Fleming Rutledge is a preacher and teacher known throughout the US, Canada, and parts of the UK. She is the author of eight books, all from Eerdmans Publishing. Her most recent book, The Crucifixion: Understanding the Death of Jesus Christ, is the product of the work of a lifetime and is being described as a new classic on the subject.
One of the first women to be ordained to the priesthood of the Episcopal Church, she served for fourteen years on the clergy staff at Grace Church on Lower Broadway at Tenth Street, New York City.
Fleming and her husband celebrated their 50th anniversary in 2009 and have two daughters and two grandchildren. She is a native of Franklin, Virginia.

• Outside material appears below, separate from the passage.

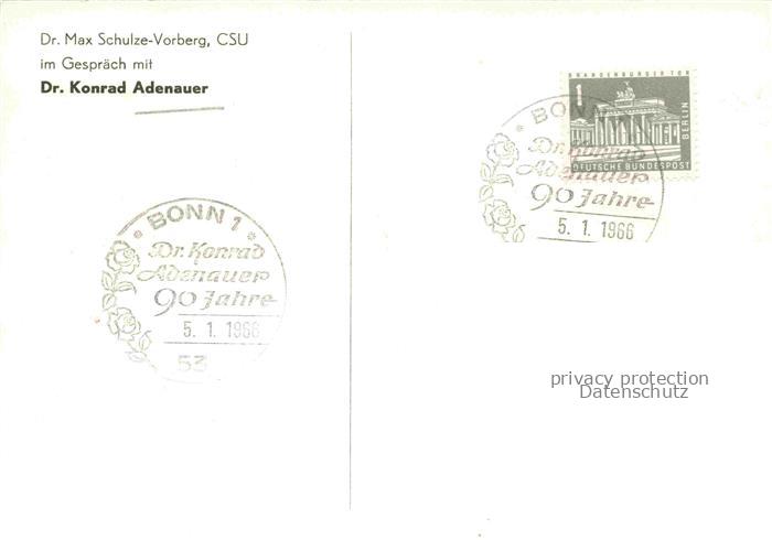 74105416 alte Postkarte ADENAUER Konrad (1876-1967) Politik Deutschland CDU Dr. Max Schulze Vorberg postalisch gelaufen Erhaltung siehe scans [SanaeD93] KatCode: 11110011000000

Ruminations: "Moral injury" and St. Paul's anthropology
Friday, April 04, 2014
"Moral injury" and St. Paul's anthropologyAn arresting long interview was held on the Brian Lehrer show on WNYC this morning (for those not in the NYC area, this is by far the most popular, most respected deep-analysis radio broadcast in our region). The interviewee was David Woods, a Pulitzer Prize-winning senior military correspondent for Huffington Post. He has become interested in what has been called "moral injury," which is not the same thing as "post-traumatic stress disorder" (PTSD). It's complicated (you can follow the discussion on Huff Po and Brian's WNYC website) but the jist of it is that moral injury suffered in the theater of war leaves a person with a disabling inability to figure out the lines between right and wrong, particularly in regard to themselves. It's encapsulated in the quotation from a young veteran: "I'm a good person but I've done bad things." People who suffer from this have a great deal of difficulty relocating themselves in relation to their formerly held values.
During the entire discussion all I could think about was Paul's letter to the Roman Christians, chapters 5-8 in particular. A person raised with this biblical understanding of human being would be free (relatively free, anyway, human nature being what it is) from anxiety about being a "good person." "Even our righteous deeds are like filthy rags," says Isaiah (64:6). If we are biblical people, we know ourselves as those who are in bondage to Sin and Death and as incapable of being "good people." In a very important sense, there is no such thing as a "good person." We are all "Adam," as Romans 5 teaches, incapable of pure goodness because of our captivity to the Power of Sin. All of us are a bundle of contradictions ("I do not understand my own actions. The good I would do is not what I do; I do the very thing I hate"-- Romans 7:15).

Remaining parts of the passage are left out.